Im Vorversuch wurde zusätzlich überprüft, ob 4-MAA im Pferdeurin in konjugierter (glucuronidierter, sulfatierter) Form vorliegt. Dazu wurden auf Routineverfahren des Institutes für Biochemie der Sporthochschule Köln basierende Methoden zur Hydrolyse verwendet. Die Hydrolyse von 4-MAA enthaltenden Pferdeurin mit ß-Glucuronidase von Escherichia coli, ß-Glucuronidase/Arylsulfatase und Cystein vor der eigentlichen Aufarbeitung erbrachte keine Verbesserung der Extraktionsausbeute im Vergleich zur Aufarbeitung der Urinproben ohne Hydrolyse. Auch sind der Literatur (POPOT et al. 2000) bezüglich der Ausscheidungsform des 4-MAA mit dem Pferdeurin keinerlei Angaben zu entnehmen. Es ist somit anzunehmen, dass 4-MAA beim Pferd in freier Form mit dem Urin ausgeschieden wird.

In Anlehnung an die Vorgaben der EHSLC (2002) wurde die Analysenmethode durch Validierung auf Eignung zum Nachweis von 4-MAA in Plasma und Urin des Pferdes geprüft.

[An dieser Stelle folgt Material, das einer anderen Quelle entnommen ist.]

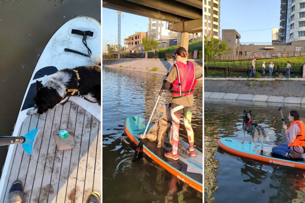 — Обычно человек боится больше, так как не все понимают, что с сапа тяжело упасть, кажется, что конструкция хрупкая и если собака занырнет в воду, то все перевернутся. Это не так. Во-первых, соблюдена техника безопасности, во вторых, всем выдаются спасательные жилеты. Александр, который организует такие катания на сапборде, сам проходит обучение на спасателя, поэтому все безопасно, — поясняет Анастасия. — Самое главное — показать собакам, что все безопасно. Во время катаний, кто-то из собак сразу залез на сап, кого-то пришлось заманивать, но деликатно. В итоге все прошло очень классно.
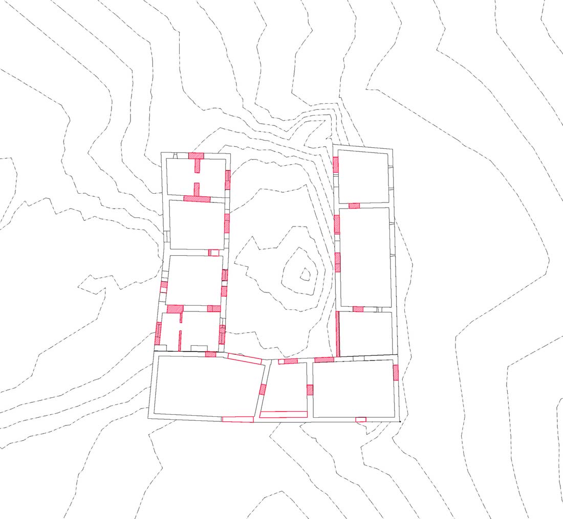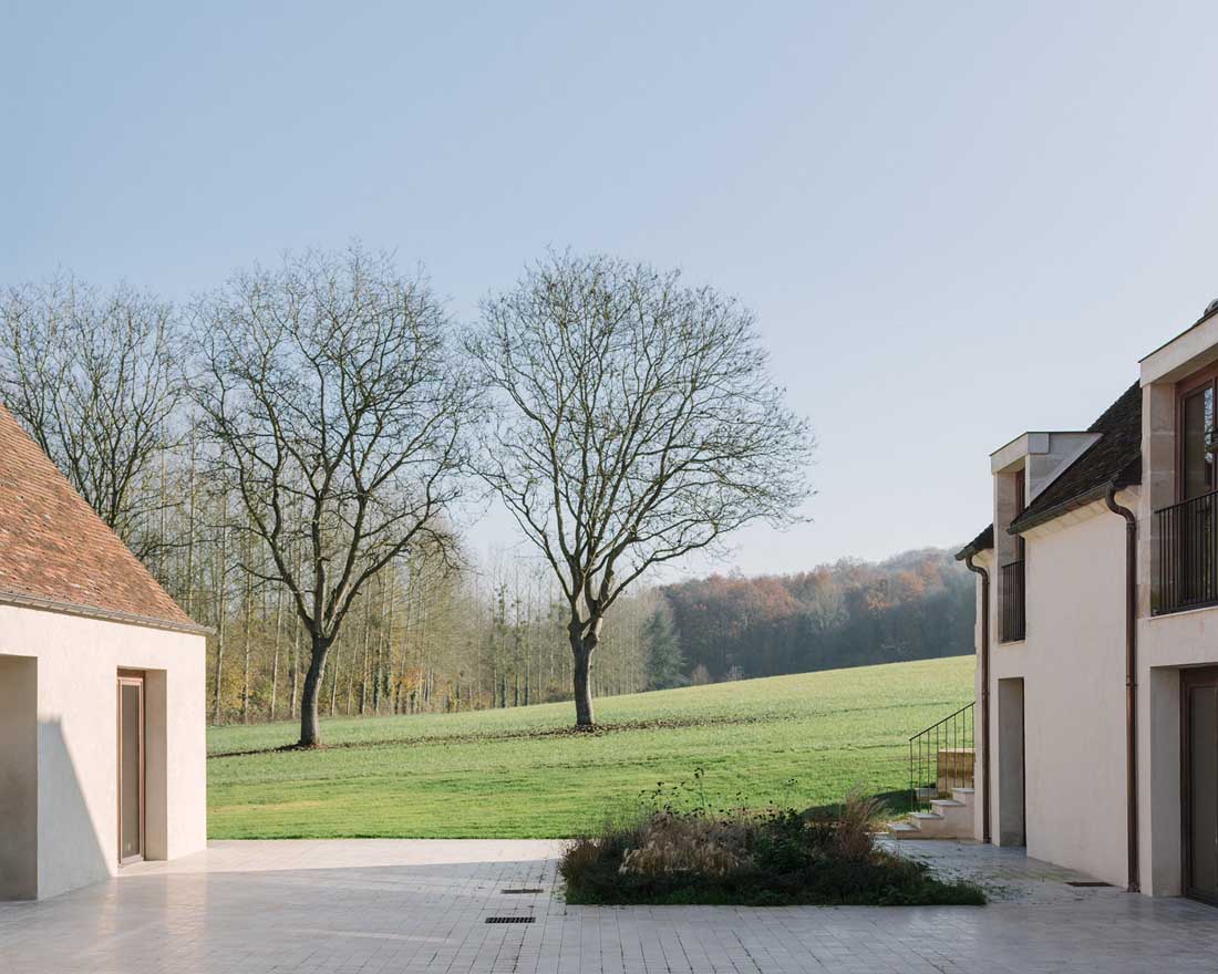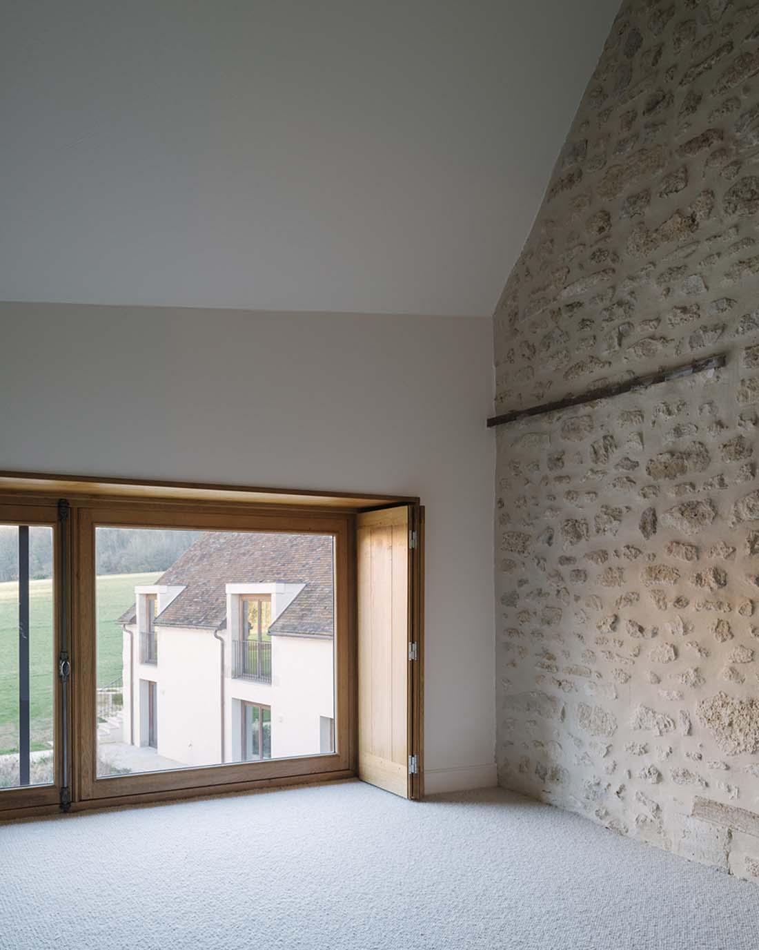首层空间被抬升至一个新的庭院之上,房间则围绕在庭院的周围。巨大的木制窗框将如画的风景引入每个房间。设计师选择性地保留了建筑中既有的结构,使其成为新起居空间的一部分。原本陈旧的农舍自此以全新的姿态融入到当地的景观之中。
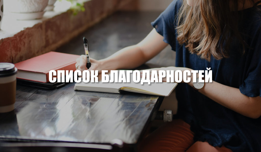 Итак, как же выглядит это упражнение? Надо завести отдельный блокнот и ежедневно писать список благодарностей из 10 пунктов.
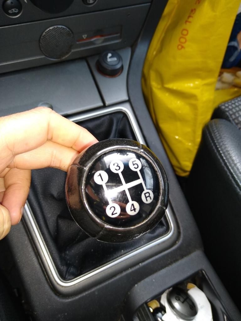 También cambié el pomo, no me gusta el original del Signum y menos el ortopédico de OPC que pone todo el mundo, así que tirando de trastero apareció un candidato. Solo había que cambiar la plaquita para que coincidiera el esquema de las marchas y listo.
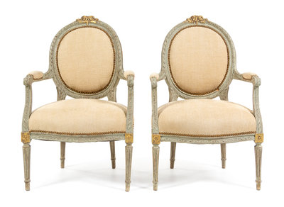 A Pair of Louis XVI Style Painted and Parcel Gilt Fauteuils
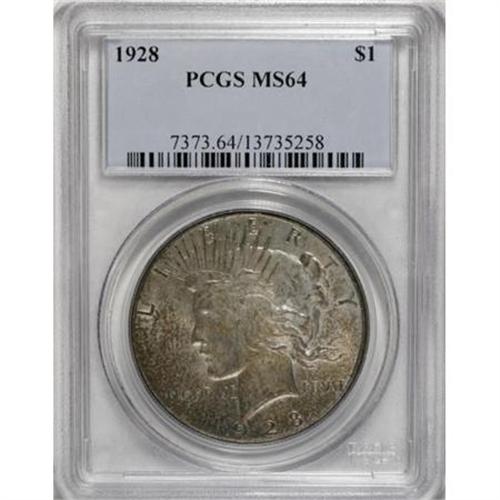 <B>1928 $1 MS64 PCGS.</B></I> Dusky golden-brown toning subdues the satiny luster of this key-date coin. The surfaces are undoubtedly original, with no evidence that it has ever been cleaned.<BR><BR><B>Coin Engraver:</B> Anthony de Francisci<BR><BR><b>Shipping:</b> Coins & Currency (<a target="_blank" href="http://www.heritageauctions.com/common/shipping.php">view shipping information</a>)
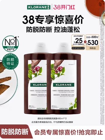 【官方立减36,限时补贴10元,消费券抵扣17.8元,到手130.19】法国康如金鸡纳防脱发洗发水400ml*2,品质优选。
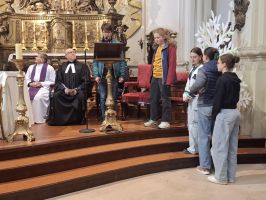 Gestaltet wurde der Gottesdienst von Prof. Perkonigg, mit Unterstützung unseres Chores – unter der Leitung von Prof. Sounble und Prof Zehetner – sowie einzelner Schülerinnen und Schüler, die durch Texte und Fürbitten zum Gelingen der Feier beitrugen. Im Mittelpunkt des Gottesdienstes stand in diesem Jahr die symbolträchtige Handlung der Fußwaschung, die Jesus am Abend vor seinem Tod an seinen Jüngern vollzog. In einer berührenden Darstellung wurde dieser Moment nachempfunden – ein Zeichen der Demut, Liebe und gelebten Nächstenliebe. Die Schülerinnen und Schüler wurden in der Ansprache von Prof. Perkonigg eingeladen, darüber nachzudenken, was es heute bedeutet, einander zu dienen und auf Augenhöhe zu begegnen.
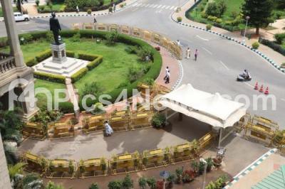Photo Caption : Police barricades put up for the upcoming Karnataka Chief Minister swearing ceremony in front of Vidhana Soudha, in Bengaluru on Monday 21st May 2018
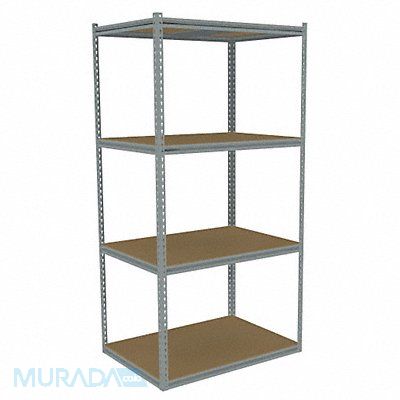 Boltless Shelving Medium Profile Overall Depth 30 in Overall Height 84 in Overall Width 42 in Shelf Gauge 14 ga Shelf Adjustment Increments 1 1/2 in Steel Particleboard Steel (4) Posts Includes Decking Yes 900 lb Whole Unit Load Capacity 2 700 lb Starter Open ANSI BIFMA CREL Post Gauge 14 ga Number of Shelves 4 Maximum Post Load Capacity 8 000 lb with Beams Evenly Spaced at 24 in Powder Coated Medium-Duty Sand
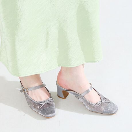 ラインストーンをあしらったチュール素材にリボンデザインを掛け合わせたフェミニンな要素満載のミュールパンプス。
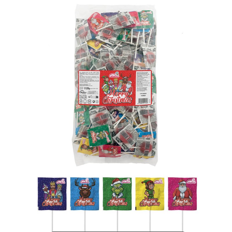 Deliciosas piruletas sabor cereza con motivos Navideños envasadas individualmente
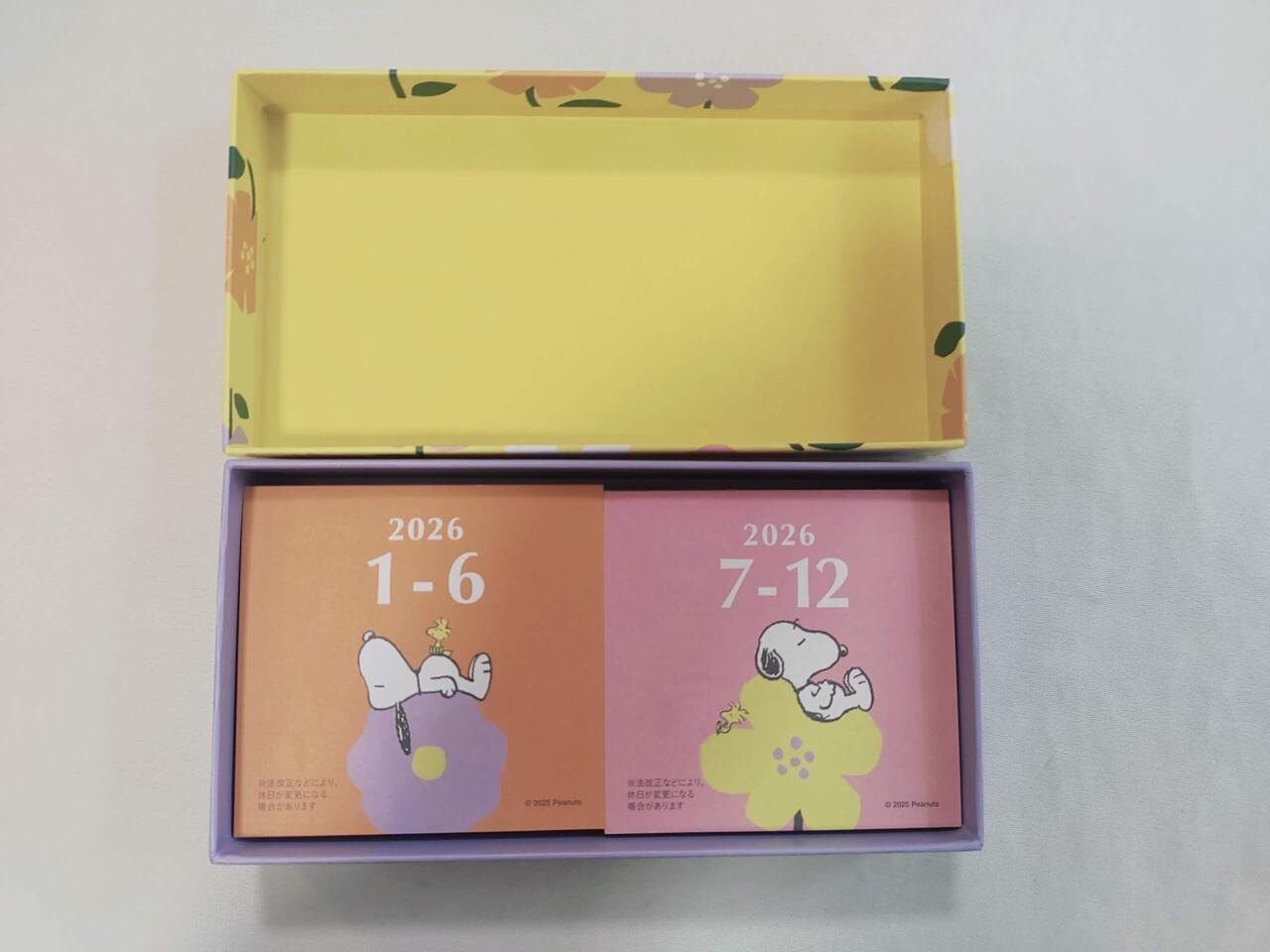 付録の内容は、鮮やかなパステルイエローの紙箱と、日めくりカレンダー上半期・上半期の2冊セットです。
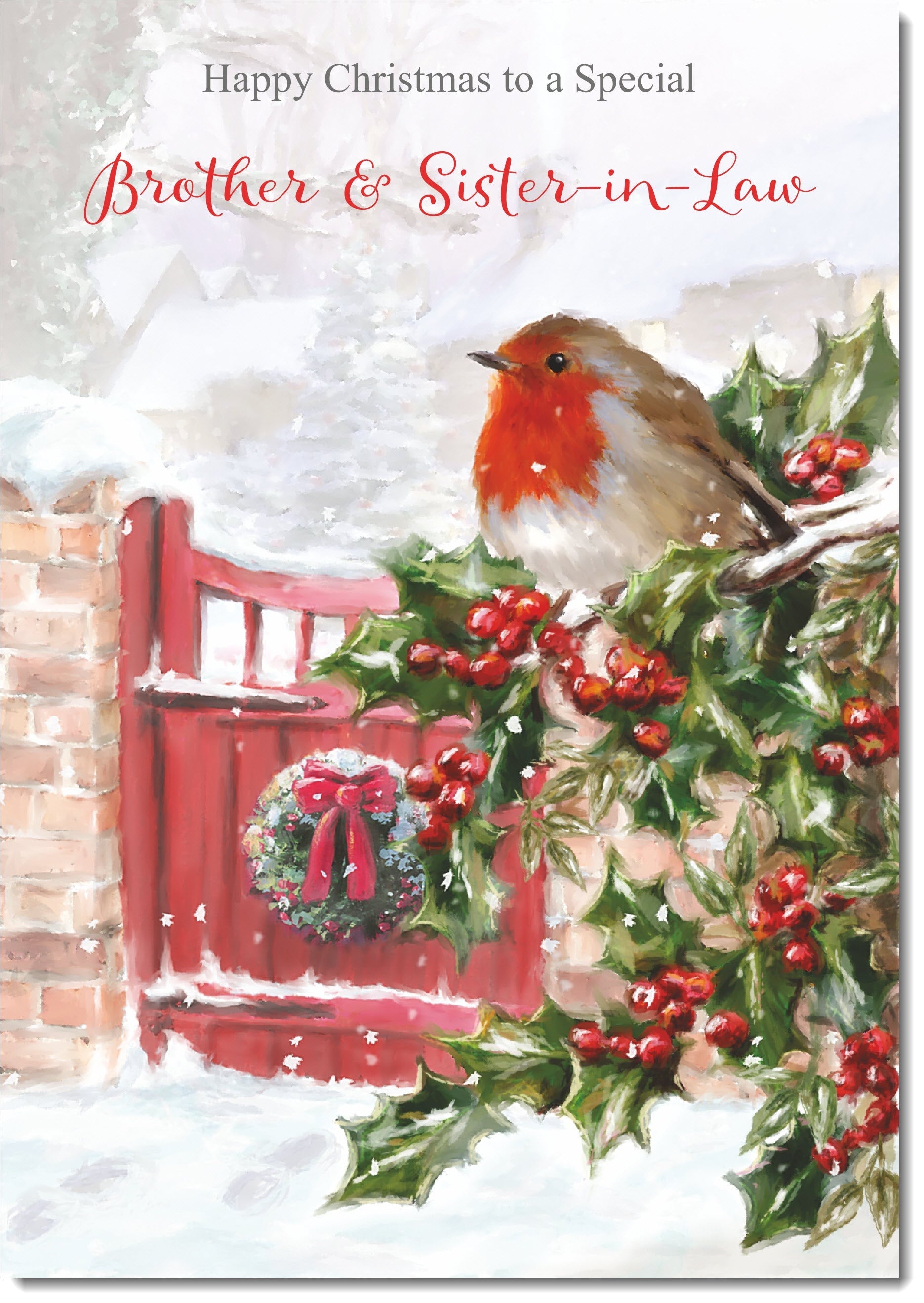 Brother & Sister-in-Law Christmas Card Robin on Holly Tree
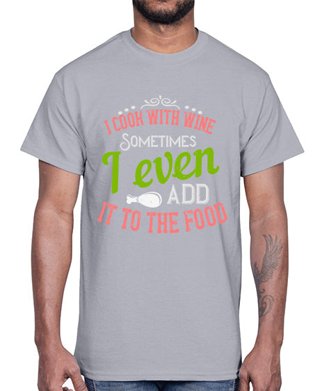 i cook with wine sometimes i even add it to the food 204#- cooking- Cotton Tee
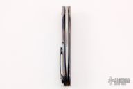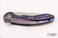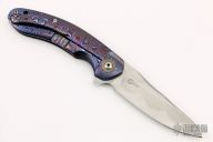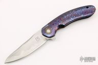 This AWT framelock flipper by Brad Southard features a hand rub satin finished blade with hamon and a flipper. The handle has a mokuti frame and tip up clip with an orange peel finished and anodized titanium backspacer. Smooth flipper opening that requires no wrist action, rides on IKBS. Nice detent, blade seating and lockup. Excellent condition. Comes with a velcro case.
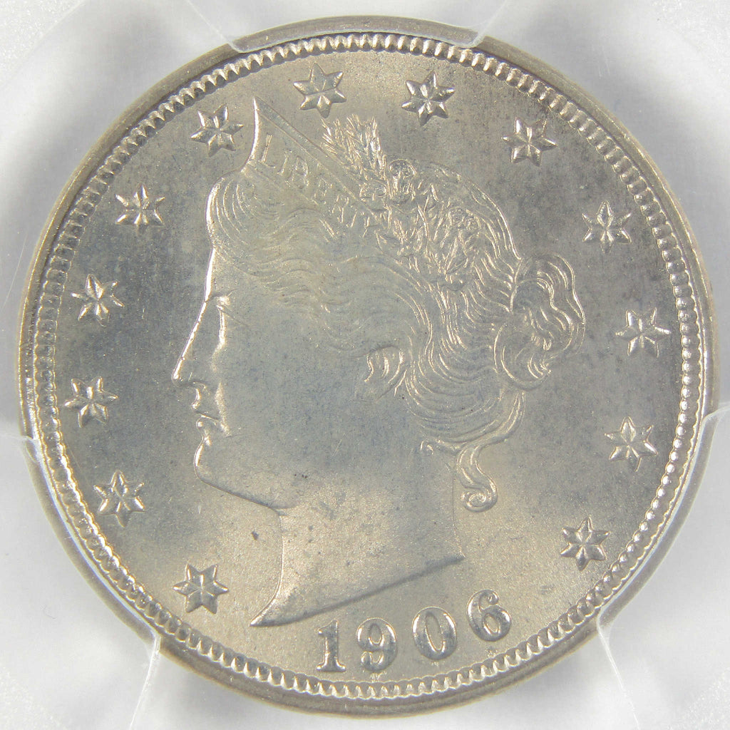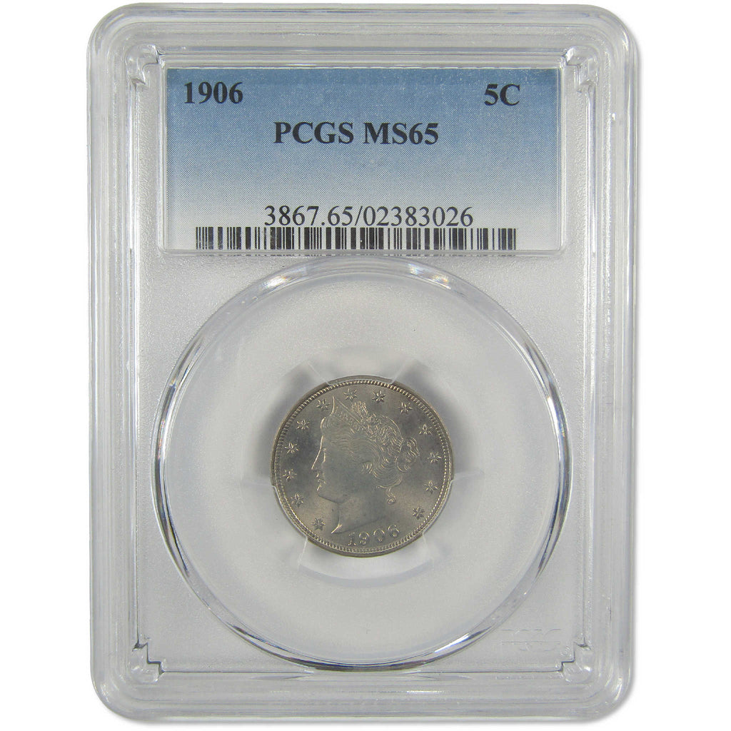 A genuine 1906 Liberty Head V Nickel Coin, graded and certified MS 65 by PCGS
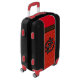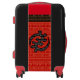 Travel in style with our cool cultural luggage design featuring a red mud cloth pattern adorned with a black patterned Adinkra symbol.
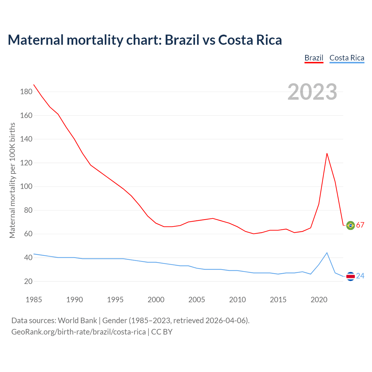 The maternal mortality rate, which is the probability of dying during childbirth or within 42 days of pregnancy termination, is 67 deaths per 100,000 live births in Brazil, compared to 24 deaths in Costa Rica.
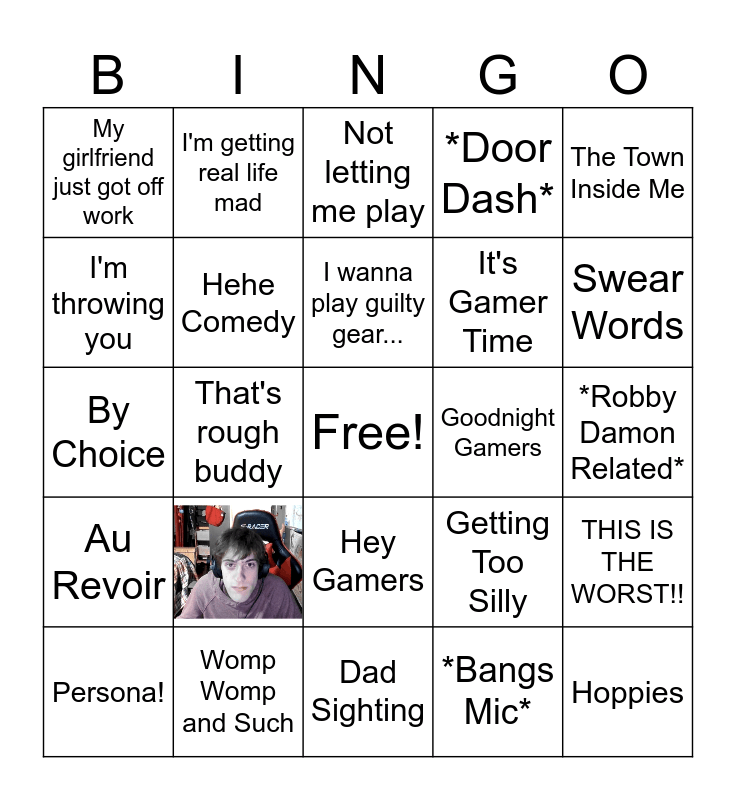 This bingo card has 1 images, a free space and 23 words: Womp Womp and Such, I wanna play guilty gear..., Persona!, The Town Inside Me, My girlfriend just got off work, I'm throwing you, I'm getting real life mad, Goodnight Gamers, Hey Gamers, It's Gamer Time, By Choice, Getting Too Silly, THIS IS THE WORST!!, Hehe Comedy, *Bangs Mic*, *Robby Damon Related*, Not letting me play, Swear Words, That's rough buddy, Hoppies, Au Revoir, *Door Dash* and Dad Sighting.
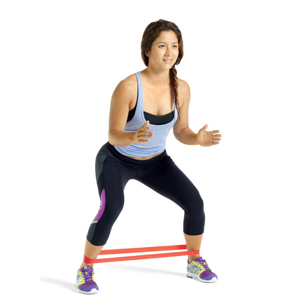 Tímto cvikem posilujete zadek, boky a stehna. Postavte se rovně s nohama od sebe na šířku boků. Gumu si umístěte těsně nad kolena na stehna. Tlačte boky dozadu, potom udělejte dřep a kolena tlačte proti odporu posilovací gumy. Udělejte pauzu a pak se pomalu vraťte do výchozí polohy. Opakujte 15–20×.
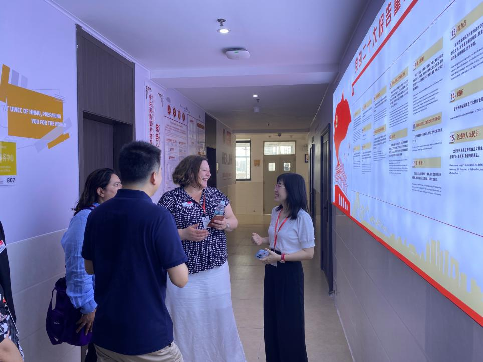 随后,李果果处长带领西英团队陪同西英格兰大学教学团走访参观学校的临床技能中心、西英智慧教室和学生公寓,详细介绍西英格兰学院的教学设施和条件。最后前往崇真楼8楼西英格兰学院办公区走访参观,在党建宣传栏介绍党建工作在中外合作办学中的重要地位,在学生驿站活动室交流和分享教育理念和教学经验。

Dabei wird durch die Spezifität der Methode sichergestellt, dass sowohl das 4-MAA als auch der interne Standard (DMAP) ohne Verfälschung von Serum- bzw. Urininhaltsstoffen (Störpeaks) darzustellen sind. Die Selektivität bestätigt, dass bei der Methode eine ausreichende Trennung ohne gegenseitige Störung beider Substanzen auch aufgrund unterschiedlicher Retentionszeiten gewährleistet ist. Die Proportionalität zwischen den Messergebnissen und den theoretisch zu erwartenden Konzentrationen wurde im Plasma im Bereich von 0,25 bis 10 µg/ml und von 10 bis 250 µg/ml bzw. im Urin im Bereich von 0,5 bis 100 µg/ml und 100 bis 8000 µg/ml geprüft und bestätigt. Dabei folgen die Kalibrationsgleichungen aller Messungen einer quadratischen Gleichung. Das Bestimmtheitsmaß (R²) der quadratischen Regression erreicht bei allen Messungen im Plasma einen Wert von R² > 0,994, bzw. im Urin einen Wert von R² > 0,995, so dass die Methode als geeignet einzustufen ist. Die Richtigkeit (relativer Fehler) der Methode, repräsentiert durch die relative Abweichung [RE (%)] der Mittelwerte der gemessenen Konzentrationen eines Tages von den theoretisch zu erwartenden, wurde an drei Messtagen überprüft und bewiesen.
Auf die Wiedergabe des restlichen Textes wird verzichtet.